A student in a lab heats up 50 g of water using a Bunsen burner and an insulated cup to ensure no heat loss to surroundings. The water is initially at 25 °C and is heated until boiling at 100 °C. How much heat is transferred to the water in the insulated cup in the previous question? The specific heat capacity of water is 4.184 J/K/mol.
My answer was 1.7 but it's wrong. Can someone please help? Thanks
I don't know what the previous question is but for this one, you have
50 g x 4.184 J/g*K x (100-25) = 15,689 J which I would round to 1.6 kJ. Watch the significant figures
Note the Cp for H2O is 4.184 J/g and not J/mol
To calculate the amount of heat transferred to the water, you need to use the equation:
Q = m * c * ΔT
Where:
Q = Heat transferred (in joules)
m = Mass of the water (in grams)
c = Specific heat capacity of water (in J/g·°C)

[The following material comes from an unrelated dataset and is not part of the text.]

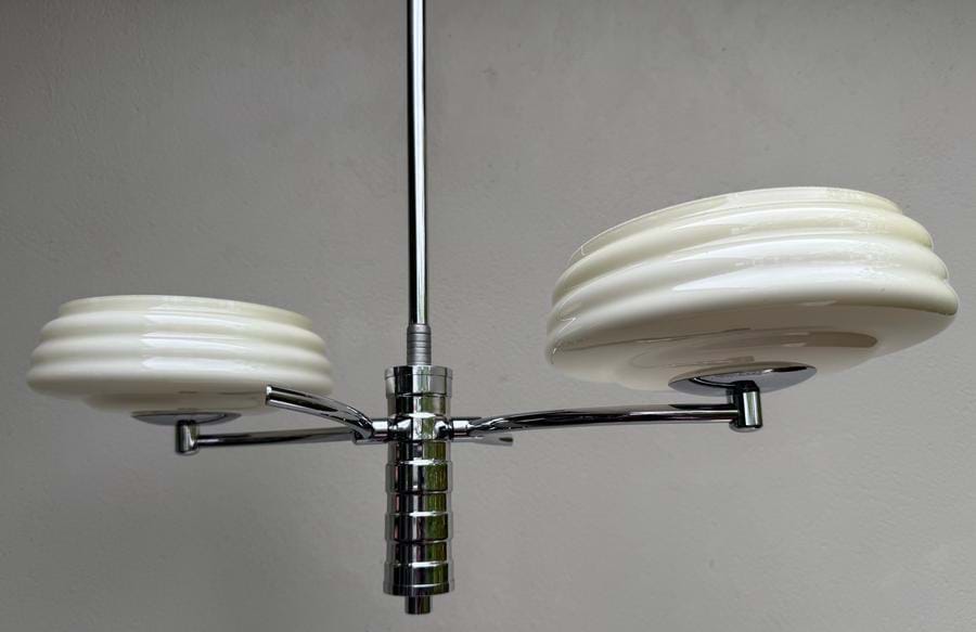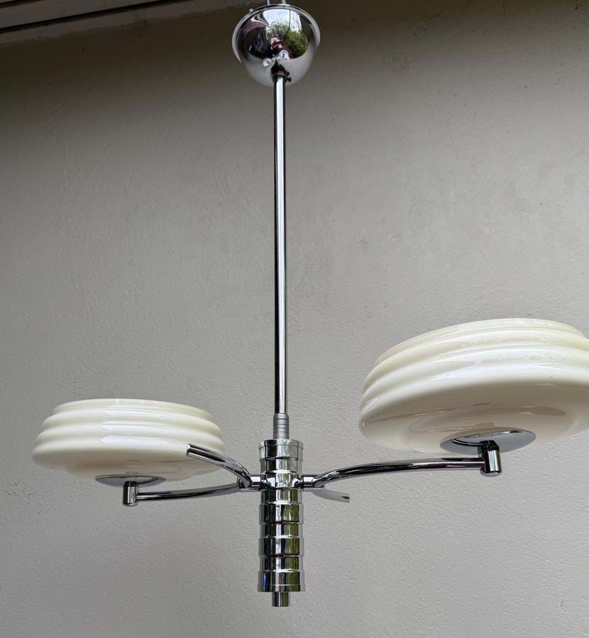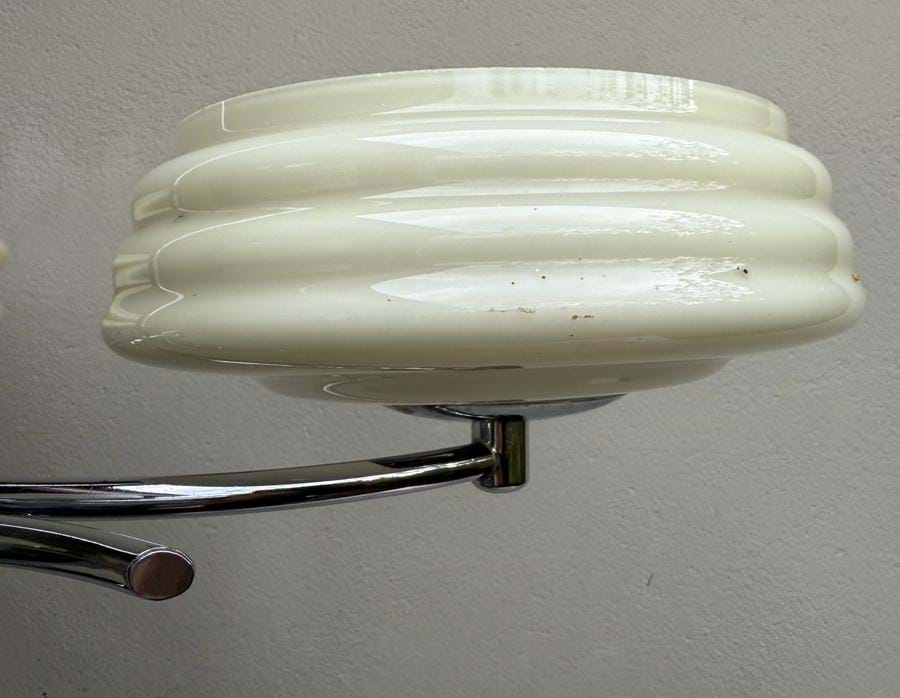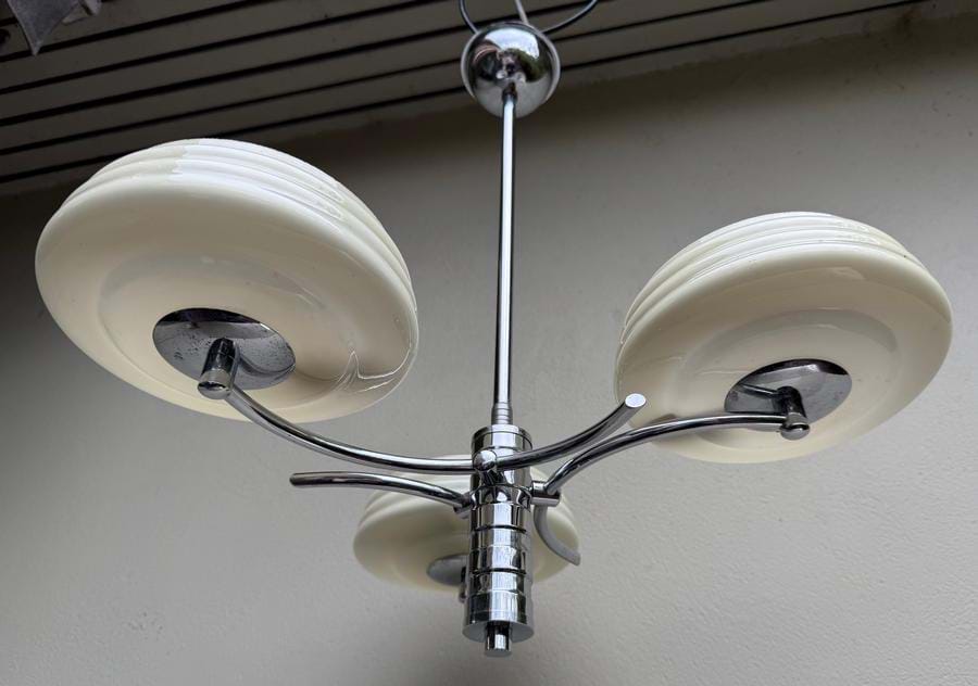 Set of 1930's English Deco chromed brass curved arm pendant lights with their original moulded cream glass shades.

ΔT = Change in temperature (in °C)
Given:
Mass of water (m) = 50 g
Specific heat capacity of water (c) = 4.184 J/g·°C
Initial temperature (T1) = 25 °C
Final temperature (T2) = 100 °C
Now, calculate the change in temperature:
ΔT = T2 - T1
ΔT = 100 °C - 25 °C
ΔT = 75 °C
Next, substitute the values into the equation to calculate the heat transferred:
Q = m * c * ΔT
Q = 50 g * 4.184 J/g·°C * 75 °C
Calculating further:
Q = 2092 J
Therefore, the correct answer is that 2092 joules of heat were transferred to the water in the insulated cup.
To calculate the amount of heat transferred to the water, you can use the formula:
Q = m × c × ΔT
Where:
Q is the heat transferred
m is the mass of the water
c is the specific heat capacity of water
ΔT is the change in temperature
In this case, the mass of the water (m) is 50 g, the specific heat capacity of water (c) is 4.184 J/K/mol, and the change in temperature (ΔT) is the difference between the final and initial temperatures, which is 100 °C - 25 °C = 75 °C.
However, before using this formula, we need to convert grams to moles because the specific heat capacity of water is given in J/K/mol.
To convert grams to moles, you can use the molar mass of water, which is approximately 18 g/mol.
mol = mass (g) ÷ molar mass (g/mol)
= 50 g ÷ 18 g/mol
≈ 2.78 mol
Now we can calculate the heat transferred:
Q = m × c × ΔT
= 2.78 mol × 4.184 J/K/mol × 75 °C
≈ 876 J (rounded to three significant figures)
So the amount of heat transferred to the water in the insulated cup is approximately 876 J.